* **Information provided**
- - - - - - -
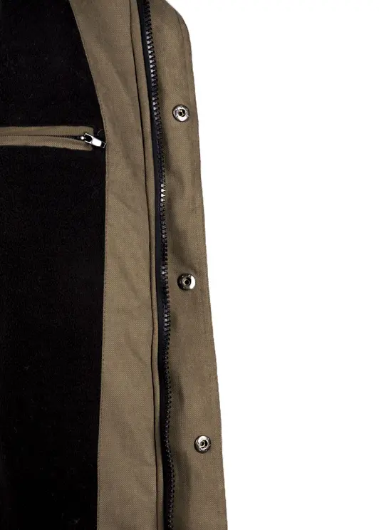 Куртка с притачным капюшоном. Пять карманов. Пояс на резинке.
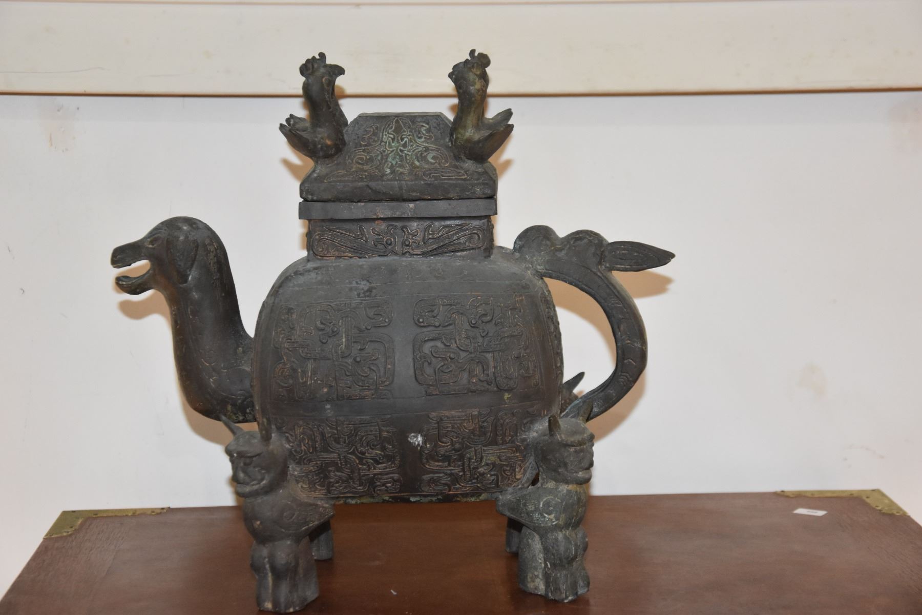 CHINESE BRONZEWARE PHOENIX BIRD BEAST WINE VESSEL/POT
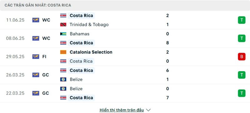 5 trận gần nhất của Costa Rica: W-W-L-W-W
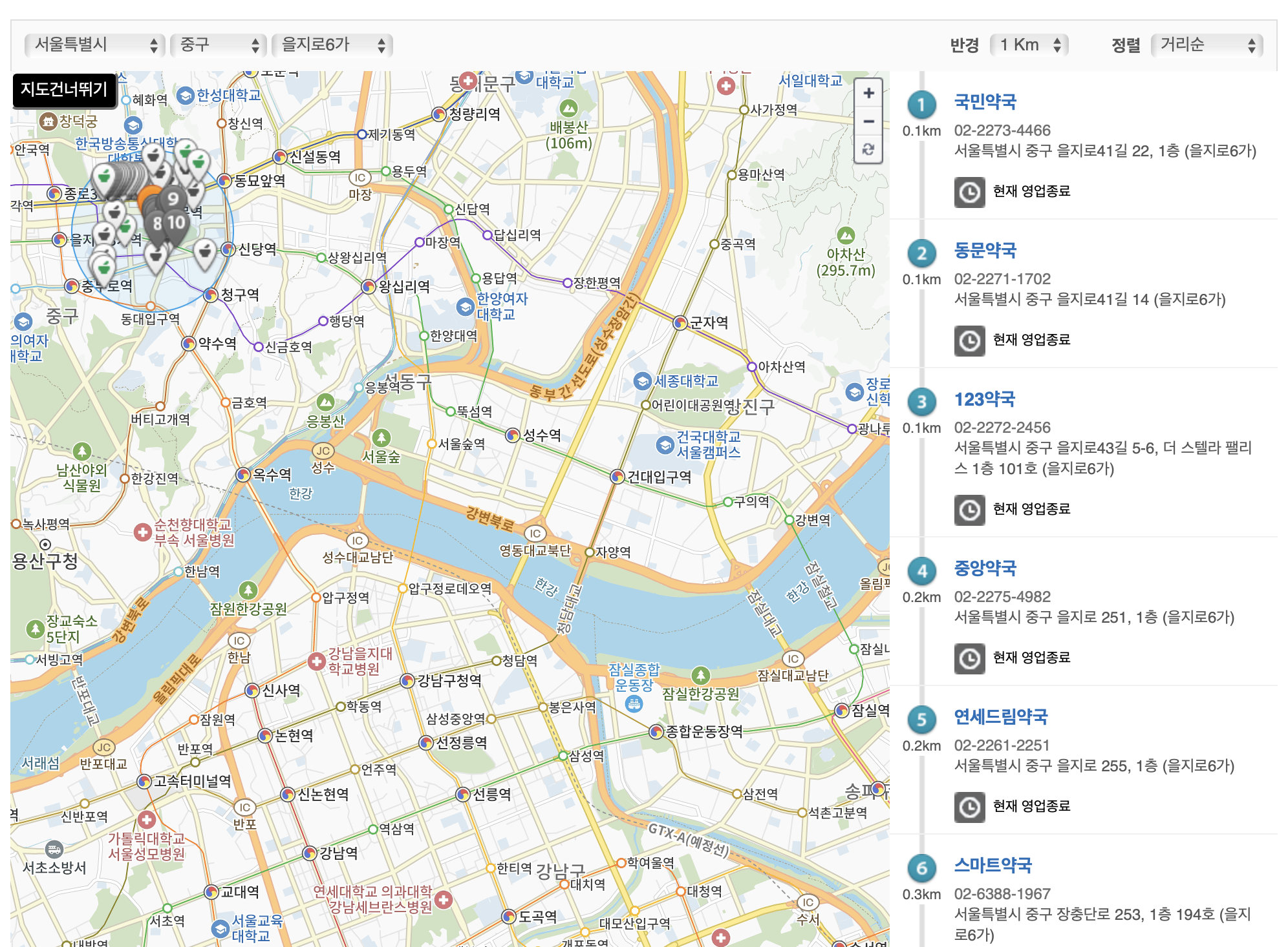 - 병원명, 구·군, 동까지 검색 가능하므로 내 위치 기준으로 가까운 병원을 찾아 볼 수 있습니다.
- - - - - - -
* **Directions**
The answer must be the full listing, word for word, with no images in it.

* **Finished task**
 Куртка с притачным капюшоном. Пять карманов. Пояс на резинке.
 CHINESE BRONZEWARE PHOENIX BIRD BEAST WINE VESSEL/POT
 5 trận gần nhất của Costa Rica: W-W-L-W-W
 - 병원명, 구·군, 동까지 검색 가능하므로 내 위치 기준으로 가까운 병원을 찾아 볼 수 있습니다.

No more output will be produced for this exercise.